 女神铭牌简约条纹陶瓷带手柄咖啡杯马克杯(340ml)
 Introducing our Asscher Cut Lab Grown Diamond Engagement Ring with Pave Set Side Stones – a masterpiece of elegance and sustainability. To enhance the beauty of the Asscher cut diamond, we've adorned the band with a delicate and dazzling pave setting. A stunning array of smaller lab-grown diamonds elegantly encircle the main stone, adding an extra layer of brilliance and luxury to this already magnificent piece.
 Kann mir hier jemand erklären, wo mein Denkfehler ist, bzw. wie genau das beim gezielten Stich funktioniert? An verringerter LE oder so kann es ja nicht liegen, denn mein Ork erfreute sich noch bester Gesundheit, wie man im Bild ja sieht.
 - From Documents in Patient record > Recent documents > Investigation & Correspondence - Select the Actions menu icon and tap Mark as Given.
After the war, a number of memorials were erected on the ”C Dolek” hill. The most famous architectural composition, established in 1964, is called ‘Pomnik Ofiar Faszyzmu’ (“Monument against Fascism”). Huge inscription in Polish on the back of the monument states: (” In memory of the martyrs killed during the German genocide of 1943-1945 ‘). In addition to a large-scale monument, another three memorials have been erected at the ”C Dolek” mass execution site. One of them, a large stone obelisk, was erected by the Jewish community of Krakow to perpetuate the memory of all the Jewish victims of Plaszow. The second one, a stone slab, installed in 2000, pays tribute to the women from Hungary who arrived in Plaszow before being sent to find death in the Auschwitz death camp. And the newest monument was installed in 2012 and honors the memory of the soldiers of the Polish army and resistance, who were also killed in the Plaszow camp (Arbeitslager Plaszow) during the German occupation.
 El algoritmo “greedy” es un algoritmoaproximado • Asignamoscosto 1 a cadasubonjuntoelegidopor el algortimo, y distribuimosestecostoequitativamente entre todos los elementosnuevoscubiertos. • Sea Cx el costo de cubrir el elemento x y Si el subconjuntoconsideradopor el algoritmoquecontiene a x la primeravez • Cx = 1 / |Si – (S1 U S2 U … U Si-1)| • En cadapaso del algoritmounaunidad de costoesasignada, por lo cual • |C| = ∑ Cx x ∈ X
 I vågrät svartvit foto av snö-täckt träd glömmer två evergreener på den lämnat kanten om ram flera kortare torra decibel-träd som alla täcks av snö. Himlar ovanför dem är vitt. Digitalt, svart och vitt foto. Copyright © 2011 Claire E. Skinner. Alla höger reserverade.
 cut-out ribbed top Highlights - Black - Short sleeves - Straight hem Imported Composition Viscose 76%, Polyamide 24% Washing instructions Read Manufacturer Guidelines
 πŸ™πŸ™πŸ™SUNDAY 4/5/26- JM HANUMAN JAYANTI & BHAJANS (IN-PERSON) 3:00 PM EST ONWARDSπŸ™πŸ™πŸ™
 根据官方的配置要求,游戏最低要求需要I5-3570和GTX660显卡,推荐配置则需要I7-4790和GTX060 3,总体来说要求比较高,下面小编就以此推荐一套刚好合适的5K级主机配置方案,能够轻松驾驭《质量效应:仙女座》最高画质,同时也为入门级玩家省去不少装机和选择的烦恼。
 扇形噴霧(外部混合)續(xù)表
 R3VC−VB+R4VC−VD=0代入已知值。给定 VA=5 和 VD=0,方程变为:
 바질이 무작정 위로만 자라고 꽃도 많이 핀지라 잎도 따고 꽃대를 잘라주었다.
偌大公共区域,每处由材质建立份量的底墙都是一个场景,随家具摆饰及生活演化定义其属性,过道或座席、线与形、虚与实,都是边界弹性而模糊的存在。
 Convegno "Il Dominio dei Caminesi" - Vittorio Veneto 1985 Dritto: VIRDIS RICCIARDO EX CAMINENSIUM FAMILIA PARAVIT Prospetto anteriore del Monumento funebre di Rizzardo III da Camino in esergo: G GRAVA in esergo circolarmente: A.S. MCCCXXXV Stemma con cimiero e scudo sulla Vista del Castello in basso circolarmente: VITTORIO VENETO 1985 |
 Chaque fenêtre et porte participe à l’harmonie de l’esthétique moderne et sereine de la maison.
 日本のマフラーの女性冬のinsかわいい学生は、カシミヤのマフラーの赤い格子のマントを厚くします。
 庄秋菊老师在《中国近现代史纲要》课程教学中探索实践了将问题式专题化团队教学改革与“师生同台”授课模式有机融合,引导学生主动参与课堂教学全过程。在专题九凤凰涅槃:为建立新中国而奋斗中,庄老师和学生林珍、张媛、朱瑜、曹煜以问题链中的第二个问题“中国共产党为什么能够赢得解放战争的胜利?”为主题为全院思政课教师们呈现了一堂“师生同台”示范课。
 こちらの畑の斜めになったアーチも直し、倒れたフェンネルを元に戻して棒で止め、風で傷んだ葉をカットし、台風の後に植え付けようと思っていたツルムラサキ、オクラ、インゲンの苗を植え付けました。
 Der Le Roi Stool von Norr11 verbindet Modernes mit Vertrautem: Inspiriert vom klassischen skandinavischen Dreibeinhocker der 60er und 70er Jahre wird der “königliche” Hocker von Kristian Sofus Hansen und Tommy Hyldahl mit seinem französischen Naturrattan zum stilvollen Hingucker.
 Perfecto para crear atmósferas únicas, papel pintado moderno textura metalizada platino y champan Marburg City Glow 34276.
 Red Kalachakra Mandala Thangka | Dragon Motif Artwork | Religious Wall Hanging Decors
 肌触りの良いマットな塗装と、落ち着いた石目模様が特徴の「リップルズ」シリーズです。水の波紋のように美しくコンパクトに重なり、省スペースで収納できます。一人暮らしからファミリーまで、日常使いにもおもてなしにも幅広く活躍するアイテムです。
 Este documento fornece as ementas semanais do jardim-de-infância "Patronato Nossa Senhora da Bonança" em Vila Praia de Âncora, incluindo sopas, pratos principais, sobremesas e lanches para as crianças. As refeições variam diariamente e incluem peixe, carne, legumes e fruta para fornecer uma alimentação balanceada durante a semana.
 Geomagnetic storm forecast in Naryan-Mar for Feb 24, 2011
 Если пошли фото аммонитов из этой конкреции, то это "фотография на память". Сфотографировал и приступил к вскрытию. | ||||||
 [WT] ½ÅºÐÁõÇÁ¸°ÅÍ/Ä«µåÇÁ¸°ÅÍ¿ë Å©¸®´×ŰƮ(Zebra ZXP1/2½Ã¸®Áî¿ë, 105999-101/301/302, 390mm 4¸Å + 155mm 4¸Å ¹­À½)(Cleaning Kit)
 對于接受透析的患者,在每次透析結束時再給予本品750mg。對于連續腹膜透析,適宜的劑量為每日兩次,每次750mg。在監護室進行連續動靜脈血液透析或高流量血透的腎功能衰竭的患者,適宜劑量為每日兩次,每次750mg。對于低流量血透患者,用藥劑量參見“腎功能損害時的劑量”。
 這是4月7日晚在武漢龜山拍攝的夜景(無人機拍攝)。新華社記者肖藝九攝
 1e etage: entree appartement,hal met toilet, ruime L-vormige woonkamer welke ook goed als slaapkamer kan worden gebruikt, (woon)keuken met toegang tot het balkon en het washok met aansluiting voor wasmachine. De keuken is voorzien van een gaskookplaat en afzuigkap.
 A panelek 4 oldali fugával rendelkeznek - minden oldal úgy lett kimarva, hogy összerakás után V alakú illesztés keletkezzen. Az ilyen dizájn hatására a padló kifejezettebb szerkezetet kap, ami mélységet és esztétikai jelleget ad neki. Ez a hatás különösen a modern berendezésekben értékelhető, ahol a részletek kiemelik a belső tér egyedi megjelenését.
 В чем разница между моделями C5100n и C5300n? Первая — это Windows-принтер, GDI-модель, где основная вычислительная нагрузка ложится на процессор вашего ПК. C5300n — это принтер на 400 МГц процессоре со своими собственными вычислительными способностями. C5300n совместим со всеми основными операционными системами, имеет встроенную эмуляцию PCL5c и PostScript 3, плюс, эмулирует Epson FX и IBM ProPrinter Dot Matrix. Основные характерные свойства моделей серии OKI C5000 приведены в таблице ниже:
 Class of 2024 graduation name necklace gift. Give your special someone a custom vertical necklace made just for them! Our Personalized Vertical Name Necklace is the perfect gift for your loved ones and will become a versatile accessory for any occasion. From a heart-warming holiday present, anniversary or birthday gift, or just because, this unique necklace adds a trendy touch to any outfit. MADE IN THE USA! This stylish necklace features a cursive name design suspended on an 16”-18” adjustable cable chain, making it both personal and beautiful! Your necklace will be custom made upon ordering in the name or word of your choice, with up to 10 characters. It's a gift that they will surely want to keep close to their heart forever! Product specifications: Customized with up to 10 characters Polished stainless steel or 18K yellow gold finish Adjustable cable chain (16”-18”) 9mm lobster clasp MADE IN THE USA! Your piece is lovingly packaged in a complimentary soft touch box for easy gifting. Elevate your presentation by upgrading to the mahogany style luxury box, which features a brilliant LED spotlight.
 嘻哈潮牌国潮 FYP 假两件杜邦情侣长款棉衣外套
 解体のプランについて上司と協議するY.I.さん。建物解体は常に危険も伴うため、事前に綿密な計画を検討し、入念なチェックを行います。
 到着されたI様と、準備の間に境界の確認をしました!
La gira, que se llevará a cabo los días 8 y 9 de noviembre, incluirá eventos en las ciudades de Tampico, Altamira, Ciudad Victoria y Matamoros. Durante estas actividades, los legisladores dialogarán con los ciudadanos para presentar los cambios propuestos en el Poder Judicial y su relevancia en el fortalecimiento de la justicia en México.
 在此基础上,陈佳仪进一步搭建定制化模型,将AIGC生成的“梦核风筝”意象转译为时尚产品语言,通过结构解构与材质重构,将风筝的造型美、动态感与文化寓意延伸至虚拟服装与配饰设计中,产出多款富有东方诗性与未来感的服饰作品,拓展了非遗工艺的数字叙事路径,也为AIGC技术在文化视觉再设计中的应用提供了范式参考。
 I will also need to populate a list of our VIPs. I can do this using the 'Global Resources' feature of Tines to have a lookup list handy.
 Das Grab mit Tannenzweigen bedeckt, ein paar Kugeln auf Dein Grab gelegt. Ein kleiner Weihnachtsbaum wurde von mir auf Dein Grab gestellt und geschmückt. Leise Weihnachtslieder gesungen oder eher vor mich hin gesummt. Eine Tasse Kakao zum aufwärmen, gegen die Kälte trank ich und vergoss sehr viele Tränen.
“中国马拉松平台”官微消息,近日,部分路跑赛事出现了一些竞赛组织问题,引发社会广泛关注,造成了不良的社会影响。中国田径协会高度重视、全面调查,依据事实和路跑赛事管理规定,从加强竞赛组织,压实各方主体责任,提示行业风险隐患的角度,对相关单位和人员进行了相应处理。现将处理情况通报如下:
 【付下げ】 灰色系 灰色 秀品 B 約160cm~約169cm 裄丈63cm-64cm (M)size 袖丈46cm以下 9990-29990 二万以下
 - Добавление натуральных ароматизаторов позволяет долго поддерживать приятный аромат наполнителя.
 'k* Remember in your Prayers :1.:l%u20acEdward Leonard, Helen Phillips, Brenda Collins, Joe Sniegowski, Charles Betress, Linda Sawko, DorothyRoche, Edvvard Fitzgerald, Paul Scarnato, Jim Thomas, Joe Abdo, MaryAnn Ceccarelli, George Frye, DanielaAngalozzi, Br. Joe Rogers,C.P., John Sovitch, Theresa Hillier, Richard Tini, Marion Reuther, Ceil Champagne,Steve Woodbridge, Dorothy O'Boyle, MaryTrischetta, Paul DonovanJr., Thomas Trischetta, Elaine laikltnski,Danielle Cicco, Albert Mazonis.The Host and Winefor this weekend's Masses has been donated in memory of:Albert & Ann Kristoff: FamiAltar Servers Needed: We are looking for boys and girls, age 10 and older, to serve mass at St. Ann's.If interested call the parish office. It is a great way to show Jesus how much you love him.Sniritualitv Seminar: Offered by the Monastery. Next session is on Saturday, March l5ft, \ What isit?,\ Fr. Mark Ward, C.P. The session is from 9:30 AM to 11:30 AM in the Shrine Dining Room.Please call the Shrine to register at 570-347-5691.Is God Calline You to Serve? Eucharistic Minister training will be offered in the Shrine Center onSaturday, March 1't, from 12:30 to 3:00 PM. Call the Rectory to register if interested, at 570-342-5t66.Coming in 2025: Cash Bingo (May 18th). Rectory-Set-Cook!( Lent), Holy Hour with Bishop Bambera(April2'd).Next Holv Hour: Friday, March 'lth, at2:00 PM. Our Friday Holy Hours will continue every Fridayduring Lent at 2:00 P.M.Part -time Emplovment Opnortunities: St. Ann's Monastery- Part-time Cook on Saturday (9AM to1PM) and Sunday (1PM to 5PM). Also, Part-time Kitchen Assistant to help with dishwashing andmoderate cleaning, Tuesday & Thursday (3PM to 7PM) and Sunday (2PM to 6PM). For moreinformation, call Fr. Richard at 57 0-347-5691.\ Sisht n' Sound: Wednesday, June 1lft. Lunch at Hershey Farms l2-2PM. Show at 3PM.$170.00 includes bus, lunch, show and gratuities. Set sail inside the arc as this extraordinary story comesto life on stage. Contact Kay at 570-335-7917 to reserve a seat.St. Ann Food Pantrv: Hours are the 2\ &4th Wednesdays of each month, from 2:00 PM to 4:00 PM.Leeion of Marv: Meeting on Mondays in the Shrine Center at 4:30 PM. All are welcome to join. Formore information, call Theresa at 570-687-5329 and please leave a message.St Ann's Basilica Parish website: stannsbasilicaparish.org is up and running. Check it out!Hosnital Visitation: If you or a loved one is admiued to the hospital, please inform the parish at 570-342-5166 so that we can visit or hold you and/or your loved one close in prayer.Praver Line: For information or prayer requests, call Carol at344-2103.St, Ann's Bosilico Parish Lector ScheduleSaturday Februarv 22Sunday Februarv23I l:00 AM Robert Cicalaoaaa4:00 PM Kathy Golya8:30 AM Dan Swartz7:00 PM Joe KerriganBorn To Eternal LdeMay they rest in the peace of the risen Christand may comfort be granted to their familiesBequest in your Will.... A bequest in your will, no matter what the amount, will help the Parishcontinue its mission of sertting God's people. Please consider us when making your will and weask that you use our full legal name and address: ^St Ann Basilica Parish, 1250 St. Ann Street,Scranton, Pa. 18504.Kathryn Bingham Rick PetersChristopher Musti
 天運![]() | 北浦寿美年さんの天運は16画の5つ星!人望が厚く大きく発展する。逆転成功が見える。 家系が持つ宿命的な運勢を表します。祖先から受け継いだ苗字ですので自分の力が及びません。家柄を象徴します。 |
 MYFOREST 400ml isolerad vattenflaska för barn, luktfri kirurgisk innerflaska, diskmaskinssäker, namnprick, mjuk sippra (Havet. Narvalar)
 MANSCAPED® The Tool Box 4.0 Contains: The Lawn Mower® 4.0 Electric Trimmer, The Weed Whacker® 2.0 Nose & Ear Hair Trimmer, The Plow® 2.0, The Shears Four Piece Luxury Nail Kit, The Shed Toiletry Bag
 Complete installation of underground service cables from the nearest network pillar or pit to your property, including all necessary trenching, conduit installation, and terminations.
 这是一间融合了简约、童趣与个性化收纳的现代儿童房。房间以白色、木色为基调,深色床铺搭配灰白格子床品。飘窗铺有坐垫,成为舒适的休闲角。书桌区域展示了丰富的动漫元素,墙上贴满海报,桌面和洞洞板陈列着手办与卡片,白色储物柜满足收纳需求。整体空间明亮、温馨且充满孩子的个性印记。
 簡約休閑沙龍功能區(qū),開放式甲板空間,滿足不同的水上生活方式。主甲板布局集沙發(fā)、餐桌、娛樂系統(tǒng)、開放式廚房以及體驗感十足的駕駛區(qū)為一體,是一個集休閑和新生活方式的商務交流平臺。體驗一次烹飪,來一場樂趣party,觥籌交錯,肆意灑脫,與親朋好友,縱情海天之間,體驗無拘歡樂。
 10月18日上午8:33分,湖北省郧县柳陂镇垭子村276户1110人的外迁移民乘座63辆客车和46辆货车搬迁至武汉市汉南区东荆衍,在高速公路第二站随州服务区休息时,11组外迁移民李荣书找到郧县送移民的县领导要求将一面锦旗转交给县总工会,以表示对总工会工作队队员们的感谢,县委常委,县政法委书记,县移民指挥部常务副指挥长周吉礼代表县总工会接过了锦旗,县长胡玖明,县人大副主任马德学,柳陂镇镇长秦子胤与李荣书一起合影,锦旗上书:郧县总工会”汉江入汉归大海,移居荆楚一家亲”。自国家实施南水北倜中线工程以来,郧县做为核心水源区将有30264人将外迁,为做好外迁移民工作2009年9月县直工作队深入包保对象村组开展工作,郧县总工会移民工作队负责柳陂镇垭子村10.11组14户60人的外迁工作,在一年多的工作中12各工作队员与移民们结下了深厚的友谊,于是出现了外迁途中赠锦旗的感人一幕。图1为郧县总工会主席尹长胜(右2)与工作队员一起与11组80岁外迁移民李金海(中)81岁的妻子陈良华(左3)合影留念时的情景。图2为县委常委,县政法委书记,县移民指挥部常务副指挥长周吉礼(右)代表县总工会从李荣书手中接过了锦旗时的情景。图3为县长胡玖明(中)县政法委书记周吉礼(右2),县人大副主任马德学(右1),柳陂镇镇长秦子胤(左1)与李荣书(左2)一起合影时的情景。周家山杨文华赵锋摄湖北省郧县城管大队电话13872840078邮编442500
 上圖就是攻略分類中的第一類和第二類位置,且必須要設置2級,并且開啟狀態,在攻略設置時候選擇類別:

________________________

**What you will do:** Take the line above containing "庄秋菊老师在《中国近现代史纲", the line containing "Perfecto para crear", and all lines in between, and copy them exactly without anything else.

**Solution for this task:**
 庄秋菊老师在《中国近现代史纲要》课程教学中探索实践了将问题式专题化团队教学改革与“师生同台”授课模式有机融合,引导学生主动参与课堂教学全过程。在专题九凤凰涅槃:为建立新中国而奋斗中,庄老师和学生林珍、张媛、朱瑜、曹煜以问题链中的第二个问题“中国共产党为什么能够赢得解放战争的胜利?”为主题为全院思政课教师们呈现了一堂“师生同台”示范课。
 こちらの畑の斜めになったアーチも直し、倒れたフェンネルを元に戻して棒で止め、風で傷んだ葉をカットし、台風の後に植え付けようと思っていたツルムラサキ、オクラ、インゲンの苗を植え付けました。
 Der Le Roi Stool von Norr11 verbindet Modernes mit Vertrautem: Inspiriert vom klassischen skandinavischen Dreibeinhocker der 60er und 70er Jahre wird der “königliche” Hocker von Kristian Sofus Hansen und Tommy Hyldahl mit seinem französischen Naturrattan zum stilvollen Hingucker.
 Perfecto para crear atmósferas únicas, papel pintado moderno textura metalizada platino y champan Marburg City Glow 34276.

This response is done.